I believe I know how loneliness feels but I have always had loads of friends, be they real or virtual — generally both.
They started the episode discussing the globally-famous research of monkeys with mothers made of warm cloth or cold wire. To me, even virtual, second life, anonymous, and digital connections, touch, passion, and story telling are at least a very reassuring and comforting, loving warm cloth mother to world citizens that could’ve and would’ve been much more lonely and starved for love.
The second segment discusses a boy who was born into a Romanian orphanage, devoid of connection and love. Kids as daffodils, kids as cabbage. The mother doesn’t ask for love, in the piece, but for attachment. To combat his detachment disorder. She was able to ultimately create trust and attachment but then she earned love.

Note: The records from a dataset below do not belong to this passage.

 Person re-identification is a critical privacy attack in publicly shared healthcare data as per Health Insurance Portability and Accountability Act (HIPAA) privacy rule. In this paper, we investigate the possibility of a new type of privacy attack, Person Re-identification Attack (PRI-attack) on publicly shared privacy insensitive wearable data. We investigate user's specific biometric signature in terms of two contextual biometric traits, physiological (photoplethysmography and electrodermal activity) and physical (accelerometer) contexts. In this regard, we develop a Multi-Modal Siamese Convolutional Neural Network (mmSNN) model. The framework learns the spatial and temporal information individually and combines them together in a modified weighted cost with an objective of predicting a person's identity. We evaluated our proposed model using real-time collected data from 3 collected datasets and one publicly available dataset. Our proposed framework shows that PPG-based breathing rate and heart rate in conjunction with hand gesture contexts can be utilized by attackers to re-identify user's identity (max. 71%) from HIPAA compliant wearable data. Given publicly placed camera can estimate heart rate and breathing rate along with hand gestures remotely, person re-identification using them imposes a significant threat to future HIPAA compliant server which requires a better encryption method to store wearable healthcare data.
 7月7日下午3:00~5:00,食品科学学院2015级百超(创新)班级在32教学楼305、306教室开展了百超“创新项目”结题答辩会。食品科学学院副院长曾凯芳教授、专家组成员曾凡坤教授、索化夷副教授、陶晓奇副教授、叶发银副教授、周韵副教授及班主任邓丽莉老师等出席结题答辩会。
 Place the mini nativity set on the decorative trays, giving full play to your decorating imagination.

In terms of trust and attachment for the deep fringe of the world who feel detached from the people around them, the online world — the Internet — offers amazing opportunities to discover birds-of-a-feather and then build trust, attachment, and love.

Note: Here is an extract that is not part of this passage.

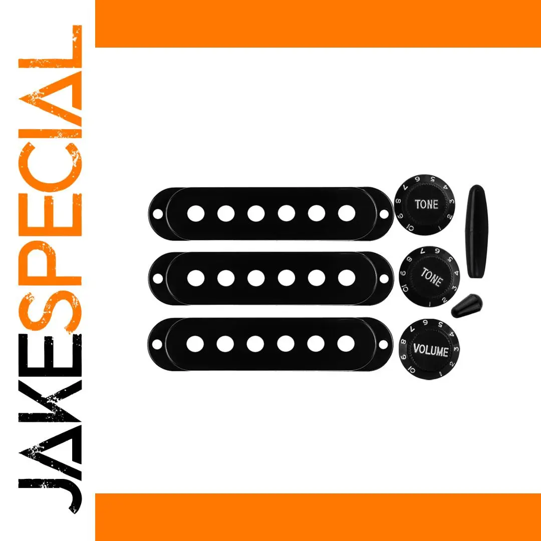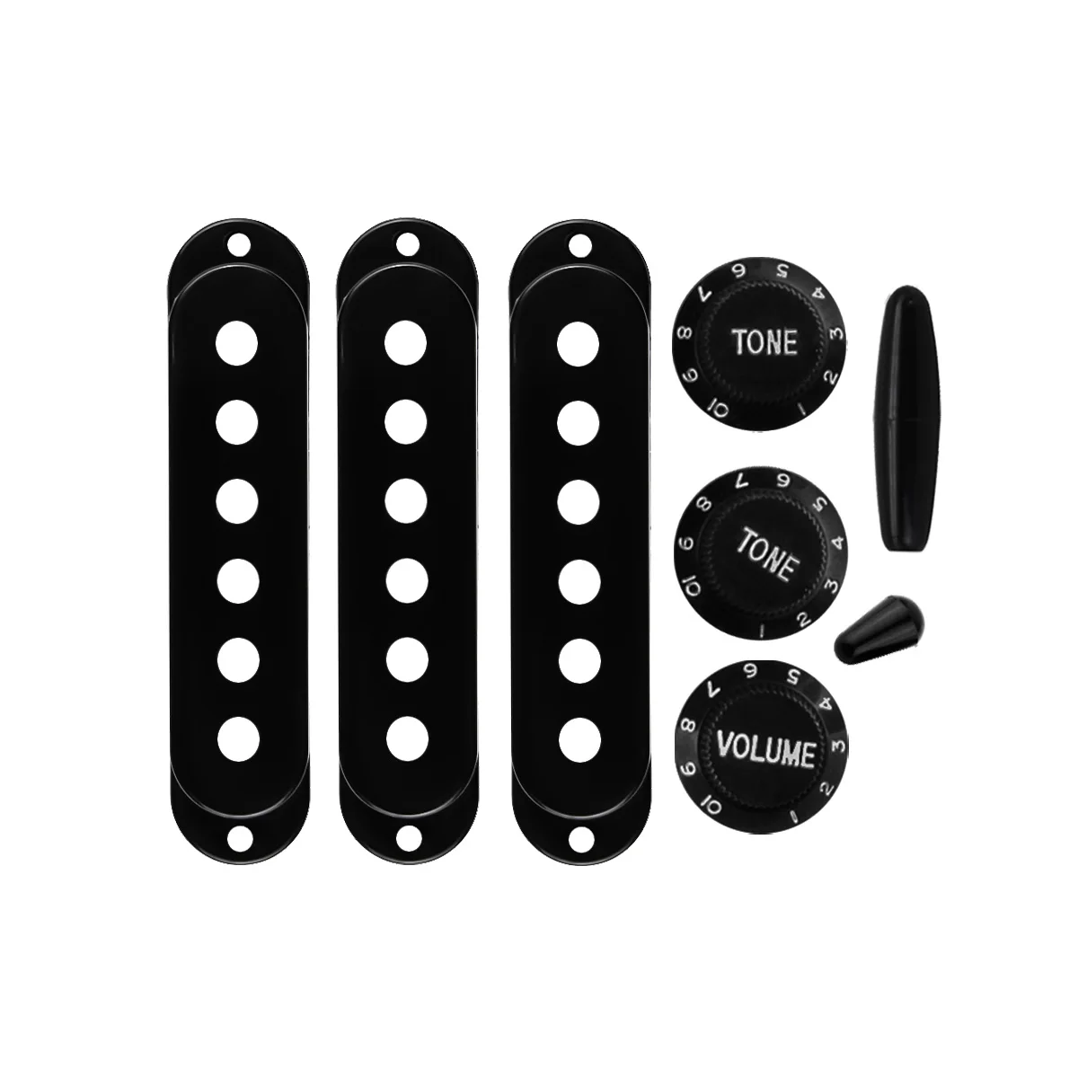 Imagine upgrading your guitar with this sleek, black plastic accessory set that combines style and functionality. The durable, semi-textured finish adds a modern touch to your instrument, providing a seamless look for Floyd Rose or similar ST-style guitars. The set includes three elongated, oval-shaped pickup covers with circular holes, sized at either 50mm or 52mm, allowing you to customize based on your pickup's pole spacing. The two control knobs, labeled “TONE” and “VOLUME,” feature white numbering from 0 to 10 and a textured grip for easy adjustment. Completing the kit, the switch tip and tremolo bar tip are tapered for smooth toggling and enhanced comfort. This comprehensive set is perfect for replacement or custom modification, giving your guitar a refined, professional appearance.

That is why, when corporations, big business, PR, advertising, and marketing companies that don’t get it try to break into online forums, message boards, email lists, blogs, and virtual world, they quickly come away bruised, shamed, humiliated. Why? Because they had all done the equivalent of walking into a locals-only honky tonk bar as a yankee WASP: the music stops and all eyes are on him — he’s not welcome and neither are you as you enter hot and heavy into someplace you don’t belong and you’re not welcome.
People have true families, true attachments, and complete love loyalty. The virtual online world is far from virtual and suffused with realy people in love and community, who are willing to do whatever’s necessary to take care of one-another.
Can the chosen meatspace and digital, virtual, tribes act as healing balms for those of us who feel ignored, unloved, disconnected, or alienated from their families of origin? I daresay I believe so from the bottom of my well-loved and well-cared for heart.